Jimmy’s Hall movie review

Featuring: Barry Ward, Simone Kirby, Jim Norton, Andrew Scott, Brian F. O’Byrne
Director: Ken Loach
Screenwriter: Paul Laverty
Movie Website: www.facebook.com/JimmysHallFilm

2014-15 Lotterywest Perth Film Festival season dates:
Somerville: 19-25 Jan, 8pm
Joondalup Pines: 27 Jan-1 Feb, 8pm

Reviewer: rolanstein
Verdict: Enjoyable, beautifully shot and well performed, but undermined by a propagandist element that detracts from the humanism of the piece.

The focus of director Ken Loach throughout his long filmmaking career has been the fight of the battler to rise above the indignity and misery of exploitation and economic disempowerment through spirit, humour and the support of a working class community bound by shared values. This tale of Jimmy Gralton, the only Irishman to have been deported from Ireland, is typical Loach fare.

Set in the 1930s, with post-Civil War Ireland under a new government, the film opens with a definitively Irish scene of a cart and horse traversing a winding road through lovely green country. On board is Jimmy (Barry Ward), returning to his home county after a decade of exile in New York prompted by the Church and capitalist forces threatened and outraged by his Communist views and influence on locals while running a community hall encouraging free-thinking and non-traditional contemporary cultural expression.

His plan is to live a quiet life and look after his aging mother. It is not long, however, before bored young locals, for whom he has acquired legendary status, urge him to re-open the hall. Reluctant to risk antagonising the Church and wealthy landowners who have claimed the hall as their property, he initially declines, but it is not long before he follows his heart and reverses his decision.

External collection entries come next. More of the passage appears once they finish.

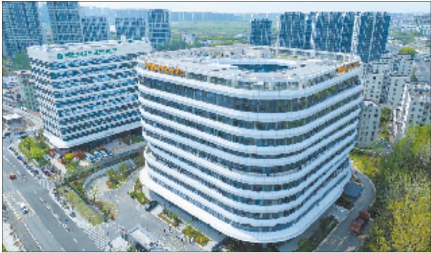
海曙区美好生活中心

伐坚定。服务业增加值占地区生产总值比重提升至72.4%，生产性服务业占服务业比重达56.5%，成功创建2个省级现代服务业创新发展区，并获评全国快递业与制造业融合发展试点。同时，数字经济核心产业增加值占GDP比重5.3%，新型工业化扎实推进。
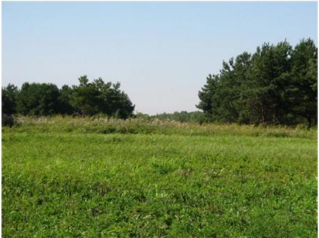
Рисунок 4 - Памятник природы «Лесопарк «Юбилейный»
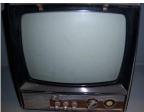
FIGURA 5. Televisión Thomson
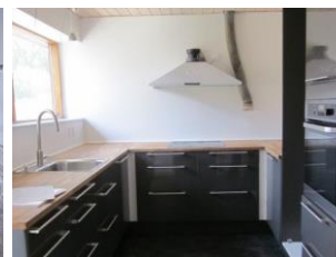
Køkken efter genopbygning
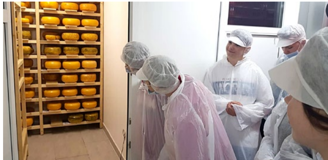
...ning uudistamas Vastseliinas asuvat juustutööstust.
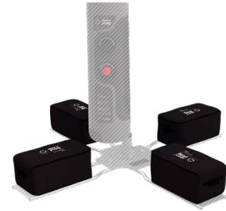
Sandsackset für Kreuzfuss (4 Stück ungefüllt geliefert) S 85.00 L 85.00
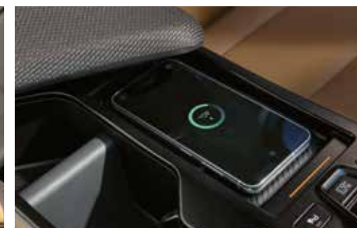
스마트폰 무선충전 시스템
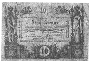
Slika 41: Papirnati drobiž, 10 krajcarjev avstrijske valute, 1860.

kr. Papirnati drobiž ni imel prisilnega tečaja. Državne blagajne so ga sprejemale do skupne vsote 1 gld. Ukrep naj bi veljal samo začasno in skupna vsota izdane-ga papirnatega drobiža ni smela presegati 12 milijonov gld. 963
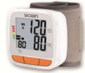
Monitor de Presión sanguinea Digital
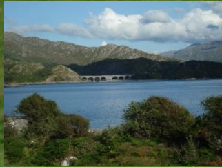
Filmdrehort von Harry Potter
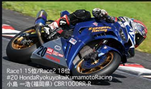
Race1 15位/Race2 18位 #20 HondaRyokuyokaiKumamotoRacing 小島 一浩(福岡県) CBR1000RR-R

With the community assisting to refurbish the dilapidated hall and the objections of the party-pooping landowners overcome, it is soon thrumming with activity: boxing, free-thinking discussion groups, and the latest in jazz dance moves brought back from New York by Jimmy, along with a marvellous new gramophone and a swag of groovy records.

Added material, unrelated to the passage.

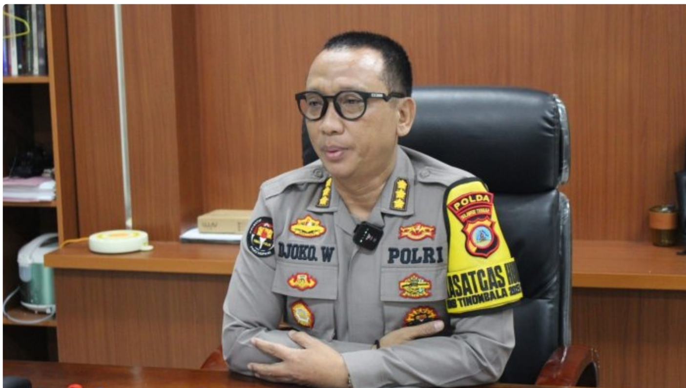
Kabidhumas Polda Sulteng Kombes Pol. Djoko Wienartono

PALU, Sulawesi Tengah- Kepolisian Negara Republik Indonesia (Polri) dalam tahun anggaran (T.A) 2024 kembali membuka pendaftaran penerimaan calon Taruna Taruni Akademi Kepolisian (Akp) untuk putra-putri terbaik lulusan SMA/MA/Sederajat.

It is not long before Jimmy is back in direct conflict with his old enemies. The local priest, Father Sheridan (Jim Norton), emerges as the villain of the piece, and he and Jimmy as figureheads for opposing philosophies and political forces: Christian fundamentalism vs free-thinking humanism, conservative vs progressive, socialist vs capitalist. There is no doubt, of course, about where Loach’s sympathies lie, and his black-and-white treatment of the two characters and the sides they represent is not much short of propagandist – always a weakness in a film in a dramatic context, and too often so in Loach’s work.

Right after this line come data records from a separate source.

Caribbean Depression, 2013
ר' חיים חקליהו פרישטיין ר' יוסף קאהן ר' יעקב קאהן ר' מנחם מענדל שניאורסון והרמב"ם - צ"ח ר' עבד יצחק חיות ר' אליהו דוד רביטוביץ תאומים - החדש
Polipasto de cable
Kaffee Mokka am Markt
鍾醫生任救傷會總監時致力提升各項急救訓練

That said, Father Sheridan’s ego-driven fundamentalism, and his conviction that his values are right and absolute, and that those who do not share them are to be condemned if not eliminated in the name of righteousness, have tragic parallels in the loathsome terrorist scourge that besets us today. It is difficult to resist mentally hissing at this nasty, scheming, bigoted old bastard, and all he stands for.

Jimmy, on the other hand, is not the powerful personality he should be. Loach downplays his protagonist’s Communist ideology, thereby undercutting his supposed status as a formidable political adversary and threat to the Establishment. Jimmy comes across not so much as a free-thinking revolutionary as an importer of jazz and New World style, and Father Sheridan as a prude and killjoy, rather than a cleric who understands and recognises the threat represented by an ideology that would seek to liberate whole populations from the shackles of the Church and the capitalist system.

The film is at its best when the characters are allowed free reign, unhitched to any political agenda. For example, the high point of the film is a scene in which Jimmy and his ex-girlfriend Oonagh (Simone Kirby) dance alone in the notorious hall, she wearing for the first and probably only time a fetching New York flapper dress he’d gifted her. This touching dance of love unrequited and doomed, but enduring through all, is poignant indeed.

If Jimmy’s Hall is to be Loach’s swansong, as he claims, he has finished with a movie that is enjoyable, beautifully shot and well performed, but it could have been more. He has chosen to sign off as a propagandist in service of his political ideology, when it is his deep-seated humanism that has powered his best work.